#### Records from a dataset
+++

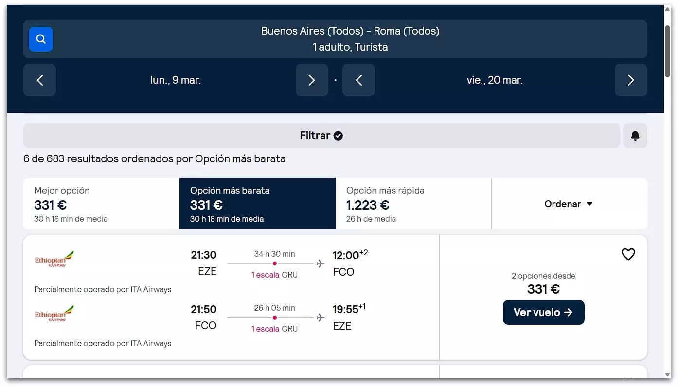 👉 331€ Buenos Aires a Roma, ida y vuelta, saliendo el 09/03/26 y regresando el 20/03/26 – Clic aquí para abrir el buscador de Skyscanner
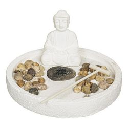 Informations Techniques : Dimensions : D. 18 x H. 9 cm Plateau : D. 18 x H. 2,5 cm Bouddha : H. 8 cm Râteau : L. 12 cm Matières : Ciment, Pierre & Sable Spécificités : Tendance & Moderne Jardin Zen Déco A Poser Contient : 1 Plateau 1 Bouddha 1 Râteau Des Galets Poids : 0,723 kg Couleur : Blanc
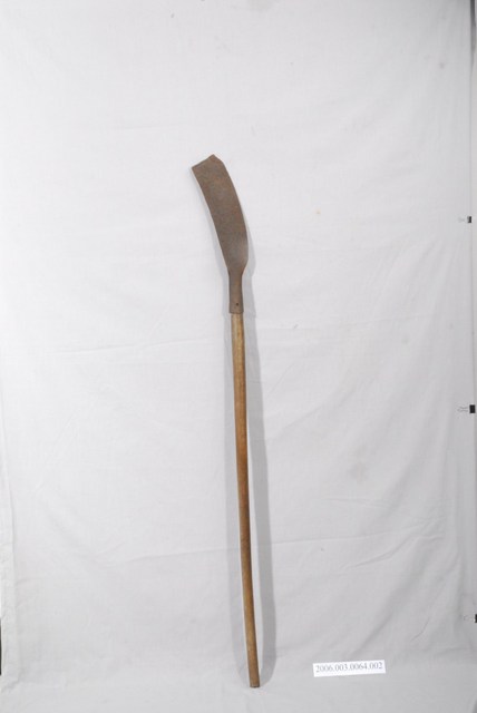 本件為梧棲大庄宋江陣劈刀,宋江陣操演的兵器之一,金屬鍛造,刀身弧形,刀背較厚,表面氧化佈滿鏽斑,刀柄為長木柄。宋江陣屬於民俗陣頭之一,源自民間的自衛組織,組成人數主要為36名,操演陣式的兵器有雙斧、雙刀、雙眼、雙棍、雙鞭、叉仔、耙、躂刀、鉤仔、大刀等等。
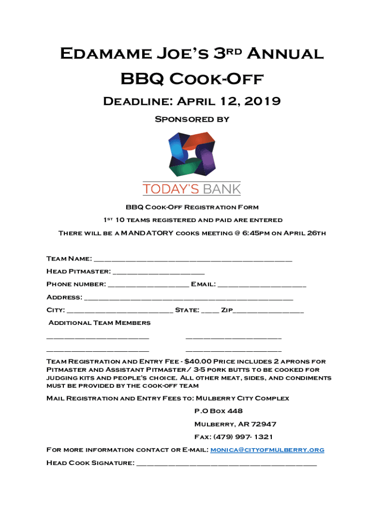 Edamame Joe's 3rd Annual BBQ Cookout Rules and Regulations for Edamame BBQ Cookout April 27, 2019, Deadline: April 12, 2019, Cooks are required to cook all meat provided: Saturday turns in times:Pork
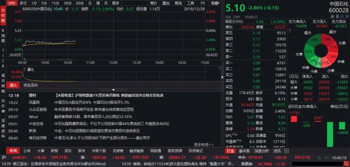 12月28日,中国石化(600028.SH)早间股价再度低开,至10点40分下跌幅度2.86%,暂报5.10元/股。此前一个交易日,中国石化跌6.75%。
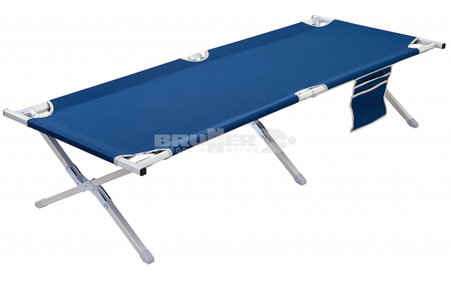 Lettino da campo con struttura pieghevole e smontabile in alluminio.
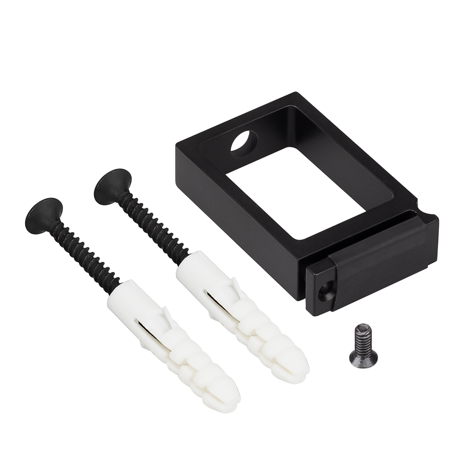 Потолочная крепление в виде проушины черного цвета для подвесного монтажа профиля на токопроводящие ремни. Крепится к потолку. Габаритные размеры составляют 10мм в длину, 28 мм в ширину и 45,5 мм в высоту.
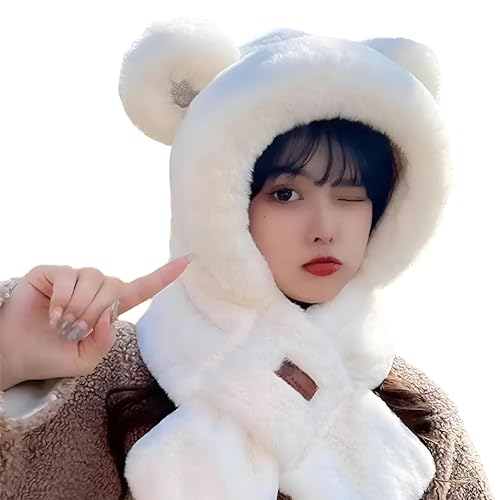 Generic - قبعة دب على الطراز الكوري سميكة ودافئة من الصوف مع وشاح واذنين مدمجين، توفر تغطية كاملة للرأس والرقبة للنساء والفتيات في الشتاء. (اختر اللون حسب الصورة)
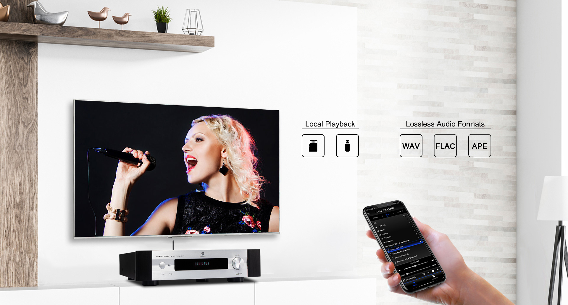 Supporta unità USB da 128 GB e schede TF, compatibile con i formati audio lossless WAV, FLAC e APE.
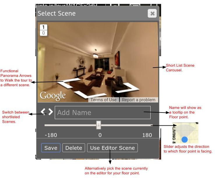 Clicking on the camera icon will add the current scene to the 'Short List carousel'. It is then accessible at multiple points during your scene selection process. For example while creating a scene link. We have used the same tool and the intuitive shortlist method to pick the scene attachments for 'Floor Points'.

+++

Could you transcribe the records above exactly, leaving every picture out?

#### SOLVED PROBLEM
 👉 331€ Buenos Aires a Roma, ida y vuelta, saliendo el 09/03/26 y regresando el 20/03/26 – Clic aquí para abrir el buscador de Skyscanner
 Informations Techniques : Dimensions : D. 18 x H. 9 cm Plateau : D. 18 x H. 2,5 cm Bouddha : H. 8 cm Râteau : L. 12 cm Matières : Ciment, Pierre & Sable Spécificités : Tendance & Moderne Jardin Zen Déco A Poser Contient : 1 Plateau 1 Bouddha 1 Râteau Des Galets Poids : 0,723 kg Couleur : Blanc
 本件為梧棲大庄宋江陣劈刀,宋江陣操演的兵器之一,金屬鍛造,刀身弧形,刀背較厚,表面氧化佈滿鏽斑,刀柄為長木柄。宋江陣屬於民俗陣頭之一,源自民間的自衛組織,組成人數主要為36名,操演陣式的兵器有雙斧、雙刀、雙眼、雙棍、雙鞭、叉仔、耙、躂刀、鉤仔、大刀等等。
 Edamame Joe's 3rd Annual BBQ Cookout Rules and Regulations for Edamame BBQ Cookout April 27, 2019, Deadline: April 12, 2019, Cooks are required to cook all meat provided: Saturday turns in times:Pork
 12月28日,中国石化(600028.SH)早间股价再度低开,至10点40分下跌幅度2.86%,暂报5.10元/股。此前一个交易日,中国石化跌6.75%。
 Lettino da campo con struttura pieghevole e smontabile in alluminio.
 Потолочная крепление в виде проушины черного цвета для подвесного монтажа профиля на токопроводящие ремни. Крепится к потолку. Габаритные размеры составляют 10мм в длину, 28 мм в ширину и 45,5 мм в высоту.
 Generic - قبعة دب على الطراز الكوري سميكة ودافئة من الصوف مع وشاح واذنين مدمجين، توفر تغطية كاملة للرأس والرقبة للنساء والفتيات في الشتاء. (اختر اللون حسب الصورة)
 Supporta unità USB da 128 GB e schede TF, compatibile con i formati audio lossless WAV, FLAC e APE.
 Clicking on the camera icon will add the current scene to the 'Short List carousel'. It is then accessible at multiple points during your scene selection process. For example while creating a scene link. We have used the same tool and the intuitive shortlist method to pick the scene attachments for 'Floor Points'.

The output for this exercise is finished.